We send our beagle picture through the neural network, and the output layer delivers its results; it’s 0.3 certain it’s a German shepherd, 0.8 sure it’s a Labrador retriever, 0.5 sure it’s a Rottweiler, 0.2 sure it’s a beagle, 0.3 sure it’s a bulldog, 0.6 it’s a golden retriever, 0.3 sure it’s a Great Dane, 0.3 sure it’s a poodle, 0.4 sure it’s a Doberman, and 0.7 sure it’s a dachshund.

Obviously, those are lousy answers.

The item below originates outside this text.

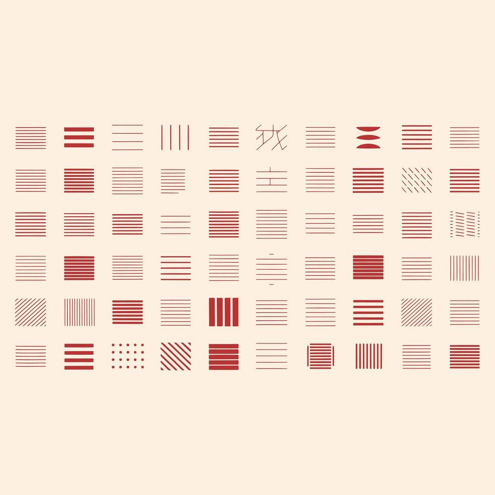 Collection of various red and brown line and dot patterns arranged in a grid line patterns Pro Vector

The network is much more certain that the picture of the beagle represents a Labrador retriever, a Rottweiler, a golden retriever, or a dachshund than a beagle.

The neural network needs to use backpropagation to find out how to adjust its weights and minimize the cost. The best place to start is by dialing up the correct answer (beagle), because it’s the right answer and it has the most room for adjustment; that is, you can dial it up more than you can dial the others up or down. The next priority is to dial down the wrong answers starting with the highest number, so you would start by dialing down the 0.8 (Labrador retriever) and the 0.7 (dachshund).

So backpropagation looks at 0.2 and works its way back to the connections to this output neuron to identify which connections have the most room for adjustment, and it dials those up or down. It then looks back to the second hidden layer neurons to see which neurons have the most room to adjust the bias, and it dials those up or down. The network continues to work back through the connections and neurons and continues to make adjustments until it reaches the input layer.

As you can see, backpropagation is a powerful technique that enables machines to learn as we often do as humans — through trial and error. We make mistakes, analyze the outcome, and then make adjustments to improve the outcomes. If we don't, we pay the high cost incurred from continually making the same mistakes!